I was still in school uniform, which must have made it 1990.

My father had left for work just five minutes before, accompanied by my younger sister, when Jive Bunny was drowned out by a loud, dull thud.

My mother immediately fretted her husband and daughter had just become the latest statistics of 21 years of death and trauma.

A lifetime in west Belfast may not have made me a ballistics expert but I was sure by the rattle of the windows it was closer to home.

When I opened the door to the rear garden the plume of smoke 10 yards to my right, frantic Scottish accents and moans of distress spelt out just how close. Toast in hand, I walked closer.

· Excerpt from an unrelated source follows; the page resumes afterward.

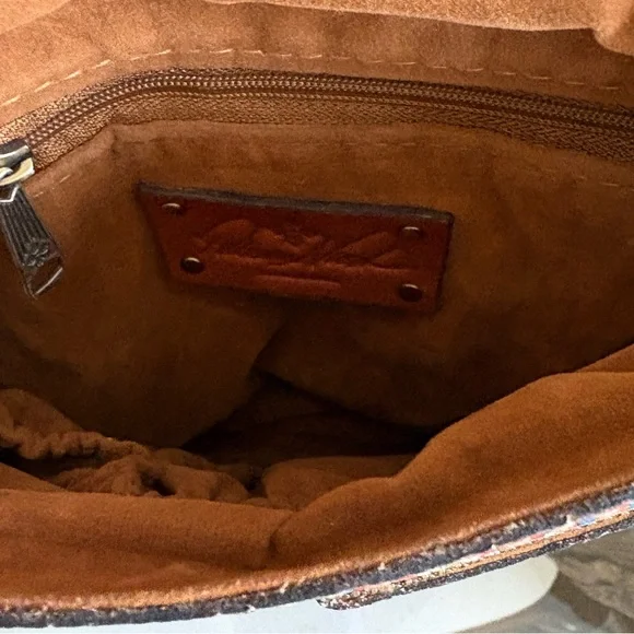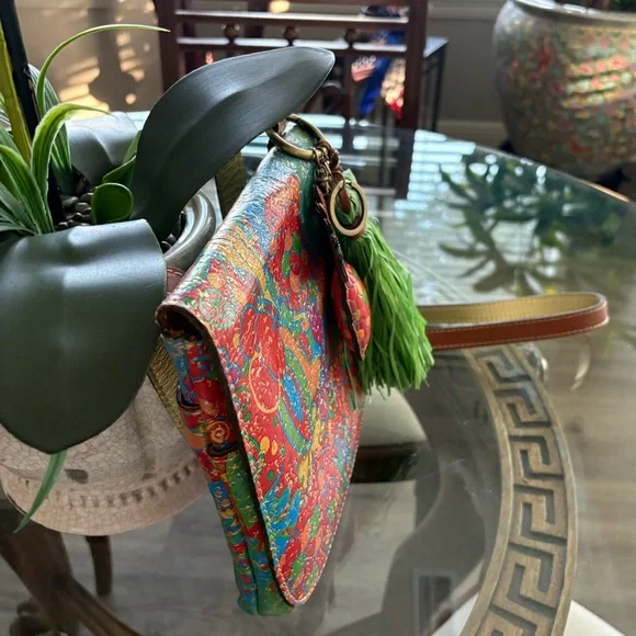 💚🩷PATRICIA NASH TROPICAL SUMMER PINEAPPLE LEATHER MESSENGER/CROSSBODY BAG WITH TWO HANG TAGS! ONE PINEAPPLE HANG TAG AND ONE FRINGE TASSEL! BACK SLIP POCKET WITH MAGNETIC CLOSURE! FLAP OVER STYLE! UNDER FLAP HAS TWO SLIPPOCKET AND ONE ZIP POCKET! INTERIOR HAS A SUEDE LINING WITH ONE ZIP POCKET AND TWO SLIP POCKETS! LONG ADJUSTABLE LEATHER CROSSBODY STRAP! ANTIQUE GOLD HARDWARE! HAS KEY RING ATTACHED TO HANG TAGS! SUPER CUTE! USED ONCE! HAD TONS OF COMPLIMENTS! EXCELLENT CONDITION! 💚🩷
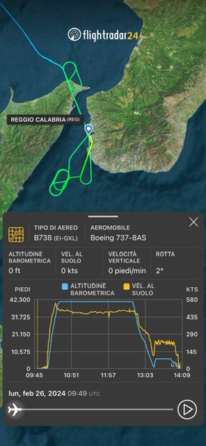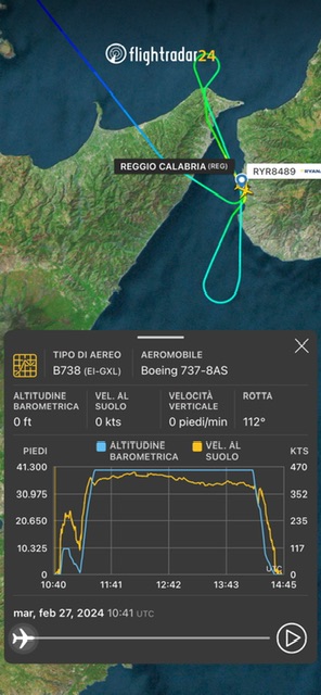 Quindi lo stesso giorno ha compiuto un volo Reggio Calabria – Reggio Calabria come FR8488.

An agitated soldier, rifle pointing in my direction, squealed at me to "get f****** back. Get back into the house". I quickly obliged but not before hearing one soldier squeal of being blind and another begging not to die. A crater, easily 5ft wide and deep, had been blown from the edge of the neighbour's garden.

Someone had obviously picked up that an Army patrol walked through the forest at the edge of the Poleglass estate around 8am every day, them and dozens of schoolkids who attended the secondary schools in nearby Andersonstown.

As I headed off for my bus I passed a military ambulance and more squaddies searching a wooded area, 500 yards from the incident.

I had my own issues with the Army. A young neighbour, 10-year-old Carol-Anne Kelly, had been shot dead with a plastic bullet nine years before returning from the shops.

At eight years old this leaves its mark.

But my instinct immediately told the officer in charge exactly where his colleagues were and how to get in.

My feeling I may have helped save a life was punctured by a stranger who witnessed my encounter.

He uttered one word, "tout", local slang for a grass.